CLMA — Closed-Loop Multi-Agent Framework

A self-verifying code generation system that combines C++17 orchestration with Python-based multi-agent pipelines and a real-time Web UI. Automates the validation loop — no human-in-the-middle required.

Motivation

Large language models excel at generating plausible code, but generated code frequently fails at execution time. The traditional workflow — the user copies error messages back to the model, the model produces a revised version, and the cycle repeats — is fundamentally a manual feedback loop.

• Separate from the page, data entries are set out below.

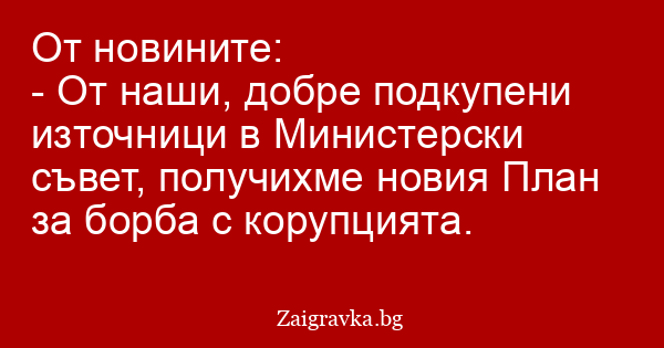 - От наши, добре подкупени източници в Министерски съвет, получихме новия План за борба с корупцията.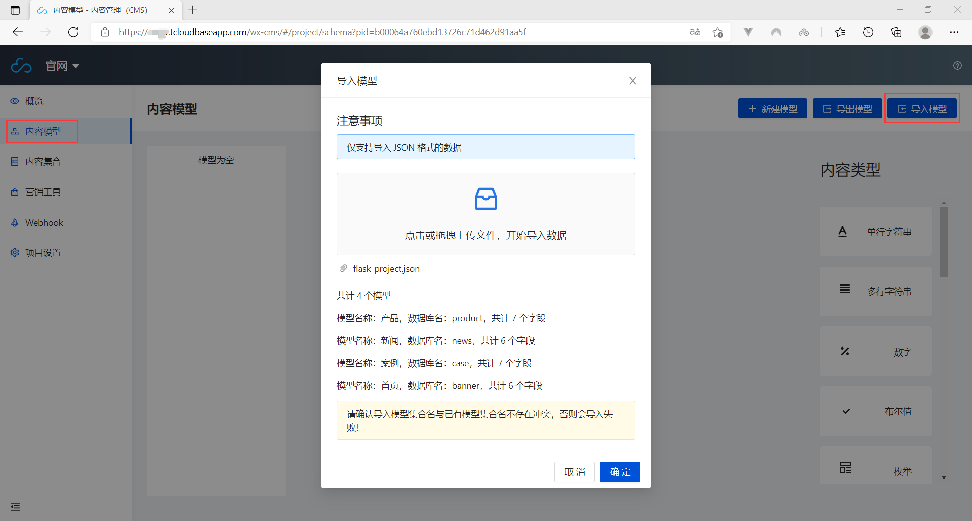 3.在内容模型中,点击导入模型,上传项目根目录下的 flask-project.json 文件
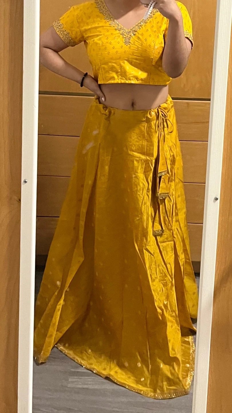 Selling a beautiful yellow lehenga set, perfect for a special occasion! The skirt is flowy and the top is a crop style with delicate detailing. It's in great condition and ready for a new home!
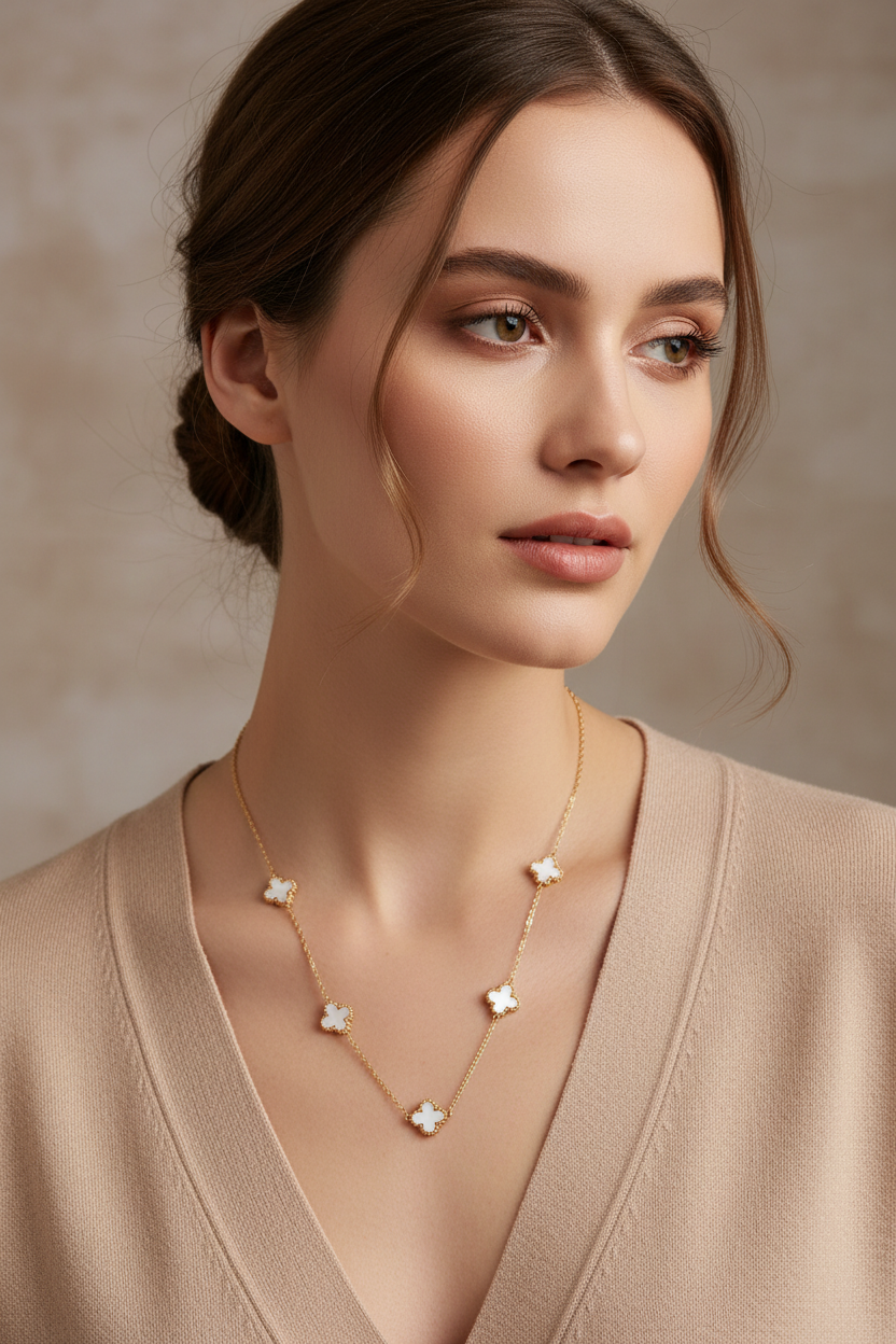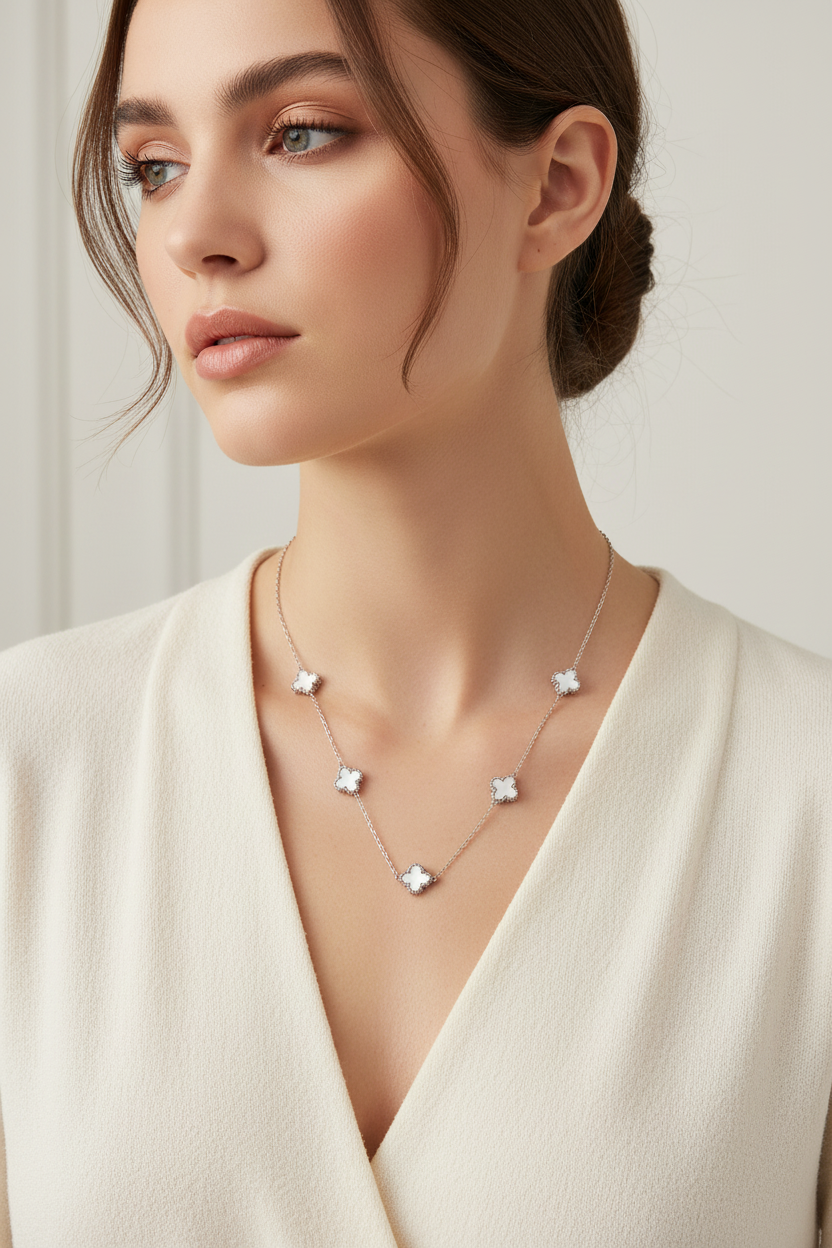 Ένα κομψό, ευκολοφόρετο κολιέ με υψηλή εμπορικότητα. Το μοτίφ τετράφυλλο τριφύλλι αποτελεί all-time classic επιλογή που λειτουργεί άψογα τόσο ως καθημερινό κόσμημα όσο και ως δώρο.

CLMA embeds this verification loop into the framework itself. Given a natural language requirement, the system:

Refines ambiguous requirements into structured specifications
Reasons about algorithmic choices, edge cases, and constraints
Generates executable code
Verifies correctness through execution and rule-based checks
Evaluates output quality across three dimensions
Iterates automatically when quality falls below threshold — no manual intervention required

The result: LLM-generated code that converges to a verifiably correct solution without human oversight.

Architecture Overview

Figure 1: CLMA Web UI — Single Loop mode with real-time flow graph, score gauge, and execution timeline.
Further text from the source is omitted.